2006-08-05 · cuiyueli.com (網站) · original by 李致重

— An Anatomy of the Kidney Study

Li Zhizhong

Abstract

Using Western biomedicine's concepts, theories, and methods to make Chinese medicine the object of research and "reshape" it through westernization has been the mainstream of TCM research for nearly half a century. In contemporary China, taking the doctrines of substance, structure, and morphology from the natural sciences as the absolute creed and only standard for the life-science domain has been one of the major causes of this error. The TCM "kidney study" is representative. By analyzing the project's self-set springboard, castration-in-advance, abandon-Chinese-for-Western, want-Western-yet-not-Western, experiments-not-real, hypothesis-still-falser, misfortune-to-others, and the Way is not alone — eight problems — this paper shows that the kidney study has trapped itself in compounding self-contradictions. The facts show: using political-grade beliefs and methods to set the direction, path, and method of TCM scholarship is another root of this error. It is of the same nature as the early-20th-century Soviet Academy's wrong handling of Mendelian-Morganian genetics. By today, the wound to TCM scholarship is mortal. We must lift up the scientific spirit, clarify the error with truth-seeking, and revive Chinese medicine — without delay.

Introduction

The kidney study (including kidney-deficient, kidney-yang-deficient, kidney-yin-deficient) began in the late 1950s. The project started from kidney-yang-deficient — proposing that TCM "kidney-yang-deficient" patients show, in Western terms, "low excitability of the pituitary-adrenal-cortex system." Over the decades, the project pursued the hypothalamic-pituitary-adrenal-cortex, thyroid, and gonad three-axis endocrine systems.

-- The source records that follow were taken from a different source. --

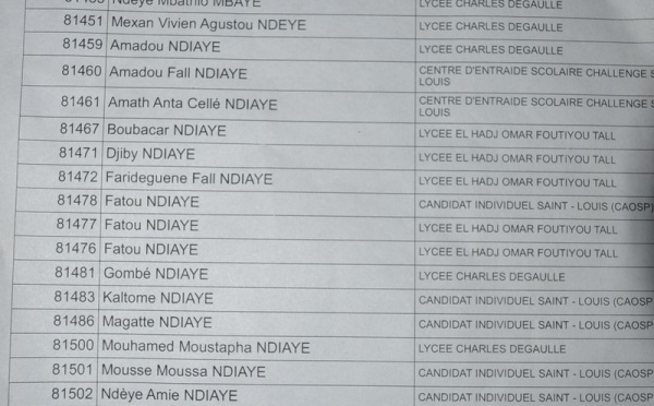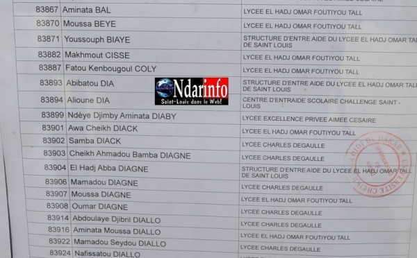 Ndarinfo vous livre la liste des admis d'office pour la Série S2( Lycée André Peytavin)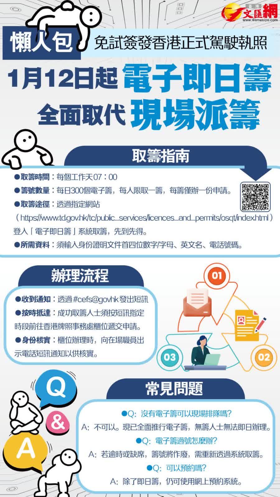 香港文匯報訊(記者 蕭景源)為打擊排隊黨疑因粵車南下等政策推出再度猖獗問題,取消現場派籌安排轉用「電子即日籌」。運輸署「免試簽發」牌照申請今日(12日)首日改發電子即日籌,全部300張籌約半小時派完。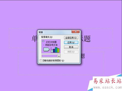1、首先啟動ppt,在空白區域右鍵單擊從下拉菜單中選擇背景選項,在彈出的對話框中設置紫色,接著點擊確定按鈕。

Praised as a model of TCM research nationally, it still misleads the direction of TCM research today.

In the late 1980s, voices in TCM began to question the methodology of the kidney study. Professor Lu Guangshen said: "We want TCM research — not researching TCM." The point: setting out from TCM's own theory and practice to enrich and perfect its scientific research is TCM research; researching TCM sets TCM's theory and practice aside and takes the TCM system as an object for Western methods. Recently Professor Yang Weiyi's Chinese Medicine — A Functional Medicine of Macroscopic Regulation (Hong Kong, Qiu-Hai-Tang Cultural Enterprise, June 30, 2001) said sharply: "The integration of Chinese and Western medicine has not succeeded in theoretical research; we must reconsider." "Decades of time, the effort of how many, money flowing like water… If the old way is kept and we keep paying tuition to a bottomless pit, will TCM research have a bright future?"

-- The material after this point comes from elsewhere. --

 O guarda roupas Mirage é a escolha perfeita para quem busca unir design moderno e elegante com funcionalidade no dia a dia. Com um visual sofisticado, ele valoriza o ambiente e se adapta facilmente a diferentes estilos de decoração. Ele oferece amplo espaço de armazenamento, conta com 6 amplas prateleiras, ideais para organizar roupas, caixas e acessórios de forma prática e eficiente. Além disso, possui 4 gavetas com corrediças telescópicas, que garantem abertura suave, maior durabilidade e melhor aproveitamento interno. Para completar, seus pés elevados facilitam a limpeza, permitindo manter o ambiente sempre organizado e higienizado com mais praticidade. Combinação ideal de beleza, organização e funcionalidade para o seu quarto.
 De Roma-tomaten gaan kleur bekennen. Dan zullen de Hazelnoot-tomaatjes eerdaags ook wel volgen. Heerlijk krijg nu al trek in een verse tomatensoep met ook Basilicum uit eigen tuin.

From the day I read Yang's book, I felt thorough, honest reflection on TCM research is the urgent task. Below, drawing on The Kidney Study (Shanghai Science and Technology Press, 1981 second ed.) and The Kidney Study, Continued (May 1990), I analyze the kidney study in eight aspects: self-set springboard, castration-in-advance, abandon-Chinese-for-Western, want-Western-yet-not-Western, experiments-not-real, hypothesis-still-falser, misfortune-to-others, the Way is not alone.

1. Self-set springboard

The Kidney Study opens with the authors' own Comprehensive Review of Past Literature on "Kidney" in Our Country's Medicine — a "review" that distorts the zàng-xiàng meaning of "kidney" and sets a self-prepared springboard for the planned experiments.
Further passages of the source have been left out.